Maybe a poncho would be more comfortable. My dd had a windproof fleece poncho that had a drawstring at the bottom. She had more freedom of movement and all we had to do was pop it over her head. Not to mention it became the "invisibility cloak" from Harry Potter which she LOVED even before 2 yo........

We also live in a VERY cold climate. We have done a variety of things to deal with this issue. My dd also did not like putting on coats. And the more we tried to force it, the more she dug her heels in. We (my dh and I) are in the "let it be" camp. I know that is not something you are willing to try, but I just wanted to add another testiment that it can be done in cold weather and they do learn. We had our coat issues when my dd was 18 months and she did not talk until well after 2. Luckily, we did not have to deal with potential frostbite because we let her experiment with cold weather and clothing before it got that cold. By the time we hit really cold weather, she understood that she wanted a coat.

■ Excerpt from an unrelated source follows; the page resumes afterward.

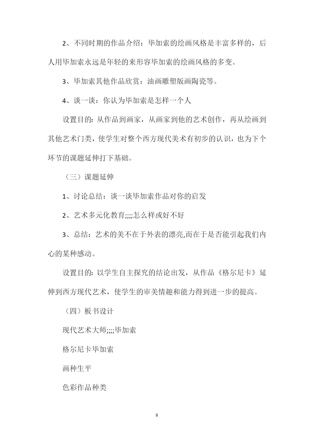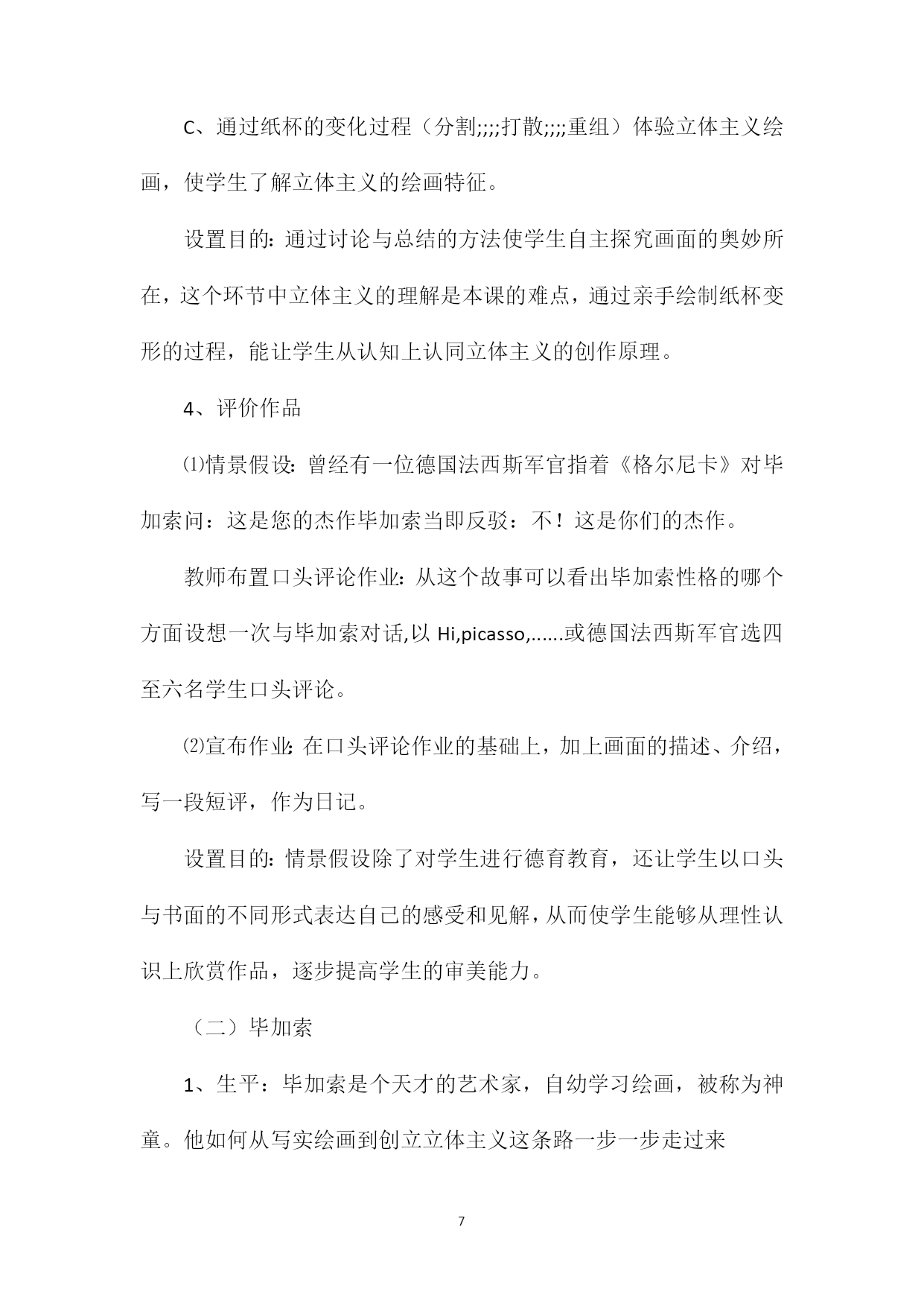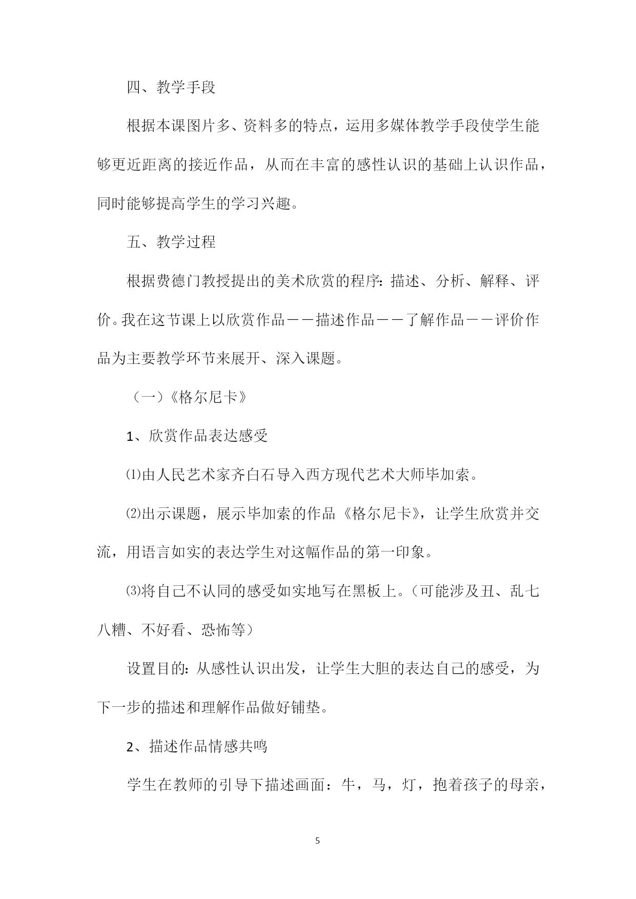 PAGEPAGE9《蚕姑娘》教学设计我说课的内容是人民美术出版社教材第13册中的第七课《现代艺术大师毕加索;;;;毕加索》一课。下面,我着重从教材分析、教学方法、学法指导、教学手段、教学过程五个方面来谈谈我对本课的教学设计。一、教材分析1、内容、地位、作用本课是知识传授与欣赏评述融为一体的综合课,主要是通过对毕加索生平事迹的介绍和作品欣赏,使学生理解毕加索的艺术主张、艺术表现形式和特点。在对西方现代艺术多元化大背景的了解下,重点突出毕加索的立体主义。本课将以油画图片欣赏和学生的分析回答为主线,教科书的引导讲解为辅,让学生感受美的同时向他们提供美术欣赏的学习方法,提高学生的学习兴趣和欣赏水平。2、教学目标根据《美术教学大纲》和教材的要求,本着提高学生艺术感知能力和审美辨别能力,使学生了解西方现代艺术思路,确定本课的教学目标为:①.知识目标:以画家毕加索的作品《格尔尼卡》为突破口,多角度欣赏西方现代绘画的艺术表现形式和内容特点。②.能力目标:开拓学生的审美视野,逐步提高学生的视觉感受能力,掌握运用语言和文字表达自己的感受和认识的基本方法。③.情感目标:培养学生热爱和平以及对世界多元文化宽容和尊重的情感。设置目的:通过对《格尔尼卡》这副作品的赏析,增长艺术知识,陶冶审美情操,提高学生对西方现代绘画作品的欣赏能力。3、教学重点、难点重点:欣赏毕加索的作品《格尔尼卡》,感受西方现代艺术,使学生从艺术形式和现实意义上认识《格尔尼卡》的价值,并以此培养学生对世界多元文化宽容和尊重的情感。难点:通过本节课的学习活动,提高学生对西方现代绘画的理解能力和欣赏水平,尤其对于现代绘画中的立体主义是学生理解上最难掌握的。设置目的:鉴于《格尔尼卡》这幅作品在西方现代绘画中的重要地位,故而能够做到使学生能够真正了解这幅作品也就等于在他们面前打开了一扇走进西方现代艺术的大门,所以本课的重点和难点都在这幅作品里。二、教法运用教师作为教学过程的主导者,根据教材选择合理有效的教学方法十分重要。合理有效的教学方法不仅能吸引学生的注意力、激发学生的学习兴趣,而且能使教学达到事半功倍的效果。为顺利实现教学目标,以实例为线索,充分动用教具,不断采用欣赏,启发、归纳相结合的教学方法。在实例的引导下,调动学生的积极性和自觉性,由感性认识上升到理性认识,使每个学生都能参加到动脑的积极思维中,真正做到面向全体。做法如下:1、情境再现法在本课教学中,由于欣赏的绘画内容与形式比较难以理解,如果像传统的欣赏课老师讲学生听的方式这样的方式进行讲解,可能会造成学生学习兴趣缺乏,所以我运用了多次的情景模拟和再现,使学生能够在这样形象生动的过程中感受作品,在情感上达到和作品的共鸣。2、德育渗透法教育部副部长王湛在《建立具有中国特色的基础教育课程体系》一文中指出各门课程之间要结合自身特点,对学生渗透德育教育。所以我在本课中,在欣赏作品的同时运用德育渗透的方法对学生进行和平主义的思德教育。三、学法指导我国著名教育家叶圣陶曾说过:教师教任何功课,lsquo;讲rsquo;都是为了达到用不着lsquo;讲rsquo;,lsquo;教rsquo;都是为了达到用不着lsquo;教rsquo;。叶圣陶的这一句话一针见血的指出了教师的重要任务不仅要让学生通过学习掌握知识,更重要的是要让学生掌握学习的方法。因此,对于学生的学法指导在教学中显得尤其重要。我的做法是:1、自主探究学习法霍姆林斯基说过:在人的心灵深处都有一种根深蒂固的需要,这就是希望自己是一个发现者、研究者、探索者。而在儿童的精神世界中,这种需要特别强烈。因此,在教学中,我运用探究式学习方法培养学生自主学习能力,训练学生发现问题、解决问题的能力。本课充分体现了教为主导,学为主体,学生在教师的引导下以讨论;;;;总结,再讨论;;;;再总结的方式对作品进行赏析。2、合作交流法学习活动中,让学生通过相互交流,大胆表达自己的想法与见解,目的是给学生之间提供不同的学习对象,听取不同的看法,分享彼此的经验,拓宽学生思路,达成教学目标。四、教学手段根据本课图片多、资料多的特点,运用多媒体教学手段使学生能够更近距离的接近作品,从而在丰富的感性认识的基础上认识作品,同时能够提高学生的学习兴趣。五、教学过程根据费德门教授提出的美术欣赏的程序:描述、分析、解释、评价。我在这节课上以欣赏作品――描述作品――了解作品--评价作品为主要教学环节来展开、深入课题。(一)《格尔尼卡》1、欣赏作品表达感受⑴由人民艺术家齐白石导入西方现代艺术大师毕加索。⑵出示课题,展示毕加索的作品《格尔尼卡》,让学生欣赏并交流,用语言如实的表达学生对这幅作品的第一印象。⑶将自己不认同的感受如实

But, since we did try also to accomodate her issues with wearing coats in general, there are some things we did for brief periods of time that satisfied my need to have her dressed warm enough and her need to not have a coat on that might help you. Layers with a big sweatshirt on top is sufficient for my dd down to 15 degrees F (not sure what that in in Celcius.....). It is sufficient for me too. I HATE wearing coats myself and unless it is really really cold, I go without. We also let her walk to the car wrapped in a blanket. A jogging suit made out of nylon (windproof) with a sweater underneath is pretty warm. But the Poncho was the best solution we found.

We no longer have any coat issues at 3 yo.


----------



## pianojazzgirl (Apr 6, 2006)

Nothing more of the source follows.